Input data:
§
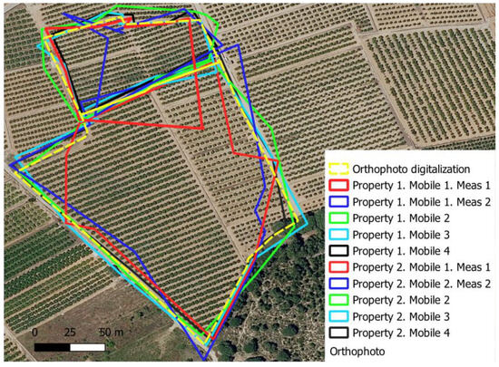 The app shows the real -time accuracy of the GPS. An accuracy better than 20 m was always waited for before the points were registered. As can be seen in Figure 3, three mobiles out of four (mobile numbers 2, 3, and 4) measured with sufficient accuracy to identify the boundaries of the properties in the base map, which is the intended objective. The base map is an orthophoto, scale 1/5000, with a theoretical accuracy of 1 m. One of the mobiles, mobile 1, in the first measurement (red colour in Figure 3) gave very poor results. For this reason, the two properties were measured again with mobile 1, changing some settings. Battery saving was removed in the app, because GPS takes a considerable, and variable, time after powering up before it delivers a good position measurement, to obtain the best accuracies as soon as possible [76]. The option to use precise location was also enabled, which uses other data, such as WiFi networks, mobile phone antennas, gyroscopes, and accelerometers, to increase the accuracy obtained with GPS. The result was just as poor as in the first measurement (the blue line in Figure 3). Throughout, GPS accuracy was very erratic on this mobile, with no explanation found.
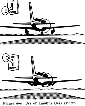 Another control in airplanes so equipped, is the control for operating the retractable landing gear. Since the purpose of the landing gear is to support the airplane while it is on the ground, it is merely excess weight and drag during flight. Though the airplane cannot be relieved of this weight while in flight, the landing gear can be retracted into the airplane structure and out of the airflow, thus eliminating the unnecessary drag (Fig. 4-9).
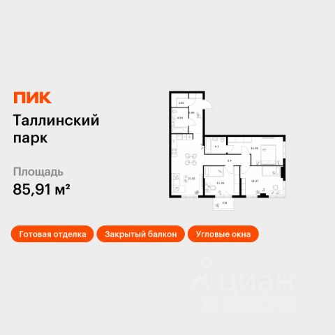 Продаётся 3-комн. квартира площадью 85,1 кв.м на 12 этаже 12 этажного дома (Корпус 4.1, Секция 3) проекта ПИК Таллинский парк. Светлый просторный подъезд на уровне земли, функциональная планировка, большие окна, c отделкой. "Таллинский парк" - проект в Ленинградской области, в районе Новоселье. До станции метро "Проспект Ветеранов" - 15 минут на автомобиле, а до КАД можно доехать всего за 4 минуты. "Таллинский парк" включает 16 жилых домов, детский сад и школу. В проекте появится центральный сквер с обильным озеленением, а через весь квартал протянутся широкие пешеходные бульвары. В зелёных дворах-парках будут оборудованы современные детские и спортивные площадки, обустроены места для отдыха. На первых этажах разместятся магазины, кафе и другие сервисы. Проектом предусмотрены персональные кладовые помещения - это доступный, экономичный и удобный способ хранения сезонных и крупногабаритных вещей. Освободите свою квартиру для полноценной жизни. Район Новоселье активно развивается в городском формате: здесь уже работают детские сады, школа и магазины. Для любителей зимних видов спорта открыта круглосуточная ледовая арена Ice Rink. За покупками и развлечениями также можно быстро доехать: 10 минут - и вы в Аутлете Fashion House Таллинское, гипермаркетах Лента, Леруа Мерлен и Окей. В 10 минутах на автомобиле находится Финский залив, на берегу которого расположились объекты культурного наследия. Рядом - Константиновский парк с отреставрированным дворцом, а чуть дальше расположена усадьба Знаменка. В великолепном Петергофе вы будете уже через 20 минут. Артикул 1026657 (Застройщик ООО "СПЕЦИАЛИЗИРОВАННЫЙ ЗА СТРОЙЩИК "СТРОЙ-ЭКСПЕРТ ") [cn_sbp_1806999]
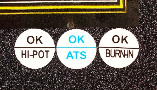 Estas pegatinas indican el aprobado en tres de los controles que se han llevado a cabo en esta pieza en concreto para «darla de alta»; el de arranque, alta potencia y el de ATS. También es común encontrar este tipo de pegatinas en el interior de la fuente de alimentación.
§
Exercise: Take the listing above and print it exactly, apart from the pictures.

Reply:
 The app shows the real -time accuracy of the GPS. An accuracy better than 20 m was always waited for before the points were registered. As can be seen in Figure 3, three mobiles out of four (mobile numbers 2, 3, and 4) measured with sufficient accuracy to identify the boundaries of the properties in the base map, which is the intended objective. The base map is an orthophoto, scale 1/5000, with a theoretical accuracy of 1 m. One of the mobiles, mobile 1, in the first measurement (red colour in Figure 3) gave very poor results. For this reason, the two properties were measured again with mobile 1, changing some settings. Battery saving was removed in the app, because GPS takes a considerable, and variable, time after powering up before it delivers a good position measurement, to obtain the best accuracies as soon as possible [76]. The option to use precise location was also enabled, which uses other data, such as WiFi networks, mobile phone antennas, gyroscopes, and accelerometers, to increase the accuracy obtained with GPS. The result was just as poor as in the first measurement (the blue line in Figure 3). Throughout, GPS accuracy was very erratic on this mobile, with no explanation found.
 Another control in airplanes so equipped, is the control for operating the retractable landing gear. Since the purpose of the landing gear is to support the airplane while it is on the ground, it is merely excess weight and drag during flight. Though the airplane cannot be relieved of this weight while in flight, the landing gear can be retracted into the airplane structure and out of the airflow, thus eliminating the unnecessary drag (Fig. 4-9).
 Продаётся 3-комн. квартира площадью 85,1 кв.м на 12 этаже 12 этажного дома (Корпус 4.1, Секция 3) проекта ПИК Таллинский парк. Светлый просторный подъезд на уровне земли, функциональная планировка, большие окна, c отделкой. "Таллинский парк" - проект в Ленинградской области, в районе Новоселье. До станции метро "Проспект Ветеранов" - 15 минут на автомобиле, а до КАД можно доехать всего за 4 минуты. "Таллинский парк" включает 16 жилых домов, детский сад и школу. В проекте появится центральный сквер с обильным озеленением, а через весь квартал протянутся широкие пешеходные бульвары. В зелёных дворах-парках будут оборудованы современные детские и спортивные площадки, обустроены места для отдыха. На первых этажах разместятся магазины, кафе и другие сервисы. Проектом предусмотрены персональные кладовые помещения - это доступный, экономичный и удобный способ хранения сезонных и крупногабаритных вещей. Освободите свою квартиру для полноценной жизни. Район Новоселье активно развивается в городском формате: здесь уже работают детские сады, школа и магазины. Для любителей зимних видов спорта открыта круглосуточная ледовая арена Ice Rink. За покупками и развлечениями также можно быстро доехать: 10 минут - и вы в Аутлете Fashion House Таллинское, гипермаркетах Лента, Леруа Мерлен и Окей. В 10 минутах на автомобиле находится Финский залив, на берегу которого расположились объекты культурного наследия. Рядом - Константиновский парк с отреставрированным дворцом, а чуть дальше расположена усадьба Знаменка. В великолепном Петергофе вы будете уже через 20 минут. Артикул 1026657 (Застройщик ООО "СПЕЦИАЛИЗИРОВАННЫЙ ЗА СТРОЙЩИК "СТРОЙ-ЭКСПЕРТ ") [cn_sbp_1806999]
 Estas pegatinas indican el aprobado en tres de los controles que se han llevado a cabo en esta pieza en concreto para «darla de alta»; el de arranque, alta potencia y el de ATS. También es común encontrar este tipo de pegatinas en el interior de la fuente de alimentación.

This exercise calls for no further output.